You see, my friend, the answer is . . . wait! Loving is waiting. Waiting for the one you love to feel safe with you, waiting for them to share or not share their abusive experience with you, waiting for them to know that their experiences won’t be talked about to others by you, waiting for them to understand that they are loved by you by being exactly who they are, understanding that the problem is not you and they really do love you but can’t show it in ways you wish they would, and that is all right.

So, my friend, wait! Wait for her, for him. I can’t promise that you won’t hate parts of the journey, the struggles as you desperately try to reach that person. But if you love them with everything you are, you’ll realize as I did that in loving them, you are part of their healing, their comfort, their joy as they walk through their past, present, and future with you as their biggest supporter. Support is patience, patience is selfless, selfless is giving up every expectation, every demand, and the let-me-fix-you notion as you wait. You can’t fix them! Wait for them to heal, to feel safe with you, to have those most intimate moments without associating you with their past experiences, fears, and hurt.

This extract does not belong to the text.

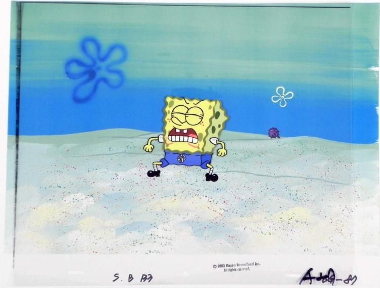 Normal 0 false false false MicrosoftInternetExplorer4 /* Style Definitions */ table.MsoNormalTable{mso-style-name:"Table Normal";mso-tstyle-rowband-size:0;mso-tstyle-colband-size:0;mso-style-noshow:yes;mso-style-parent:"";mso-padding-alt:0in 5.4pt 0in 5.4pt;mso-para-margin:0in;mso-para-margin-bottom:.0001pt;mso-pagination:widow-orphan;font-size:10.0pt;font-family:"Times New Roman";mso-ansi-language:#0400;mso-fareast-language:#0400;mso-bidi-language:#0400;}This animation cel and reproduction background are from the Nickelodeon TV show SpongeBob Squarepants. The story takes place under the deep blue sea in Bikini Bottom, where SpongeBob resides. SpongeBob, who is a yellow, porous sponge, is your typical happy-go-lucky character, as he is always cheerful and enjoys making people laugh. Patrick Star, SpongeBob's neighbor who is a starfish, is your average children's show idiot, as he boasts knowing nothing and is often getting himself into ridiculous situations.Between the homes of these two lies the home of the miserable Squidward, a squid, who is known for being grouchy and playing tricks on SpongeBob and Patrick. Both SpongeBob and Squidward work at the Krusty Krab, a fast food business run by the greedy money-loving Mr. Krabs, a crab, the arch rival of the evil, possibly misunderstood, Plankton. Another neighbor, Sandy Cheeks, an athletic squirrel who normally wears an astronaut's space suit, was introduced in "Tea at the Treedome." She spends most of her time inventing and experimenting. * Those are not the rules of the game, STOP CHEATING!!! * * Original Printed Background and Animated Cel Overall Size of Background: 11" x 17" Overall Size of the Cel: 10 1/2" x 12 1/2" Excellent condition This is an original hand-painted cel set-up used in the production of an episode of "SpongeBob SquarePants." Each one-of-a-kind set-up represents a slight change in position of the characters. When individually photographed and projected in rapid succession, the images appear to move. * To create production cels, the original animator's drawing is transferred onto an acetate cel (by hand-inking and/or photo copying). The cel is then hand-painted on the reverse side. The background accompanying this set-up is a reproduction background. * The printed background and cel are ready to be matted and framed. The notations are located at the bottom of both. * *

So as you wait, love. Love them with your whole being however they feel loved, expecting nothing in return. As you learn their needs in different circumstances or settings, you will begin to understand their hurt, their suffering, and their fears, and those will become yours. So bear all these along with them because they need you to.

As I walk through this journey with Justin, I’m beginning to understand what the phrase “God is love” really means. “Love is patient and kind; love does not envy or boast; it is not arrogant or rude. It does not insist on its own way; it is not irritable or resentful; it does not rejoice at wrongdoing, but rejoices with the truth. Love bears all things, believes all things, hopes all things, endures all things” (1 Corinthians 13:4–7). God loves us all in these ways, and I will continue striving till my dying day to love my husband, too.

As you read my husband’s account of his sexual abuse and how God brought him to healing and forgiveness, I hope you will find peace, love, forgiveness, healing, and encouragement, whether you have been abused, know someone who was, or are even married to a victim of abuse. And if you’re the one waiting, there is hope. It may take time, a lifetime, perhaps. But he or she is worth it. Please, wait!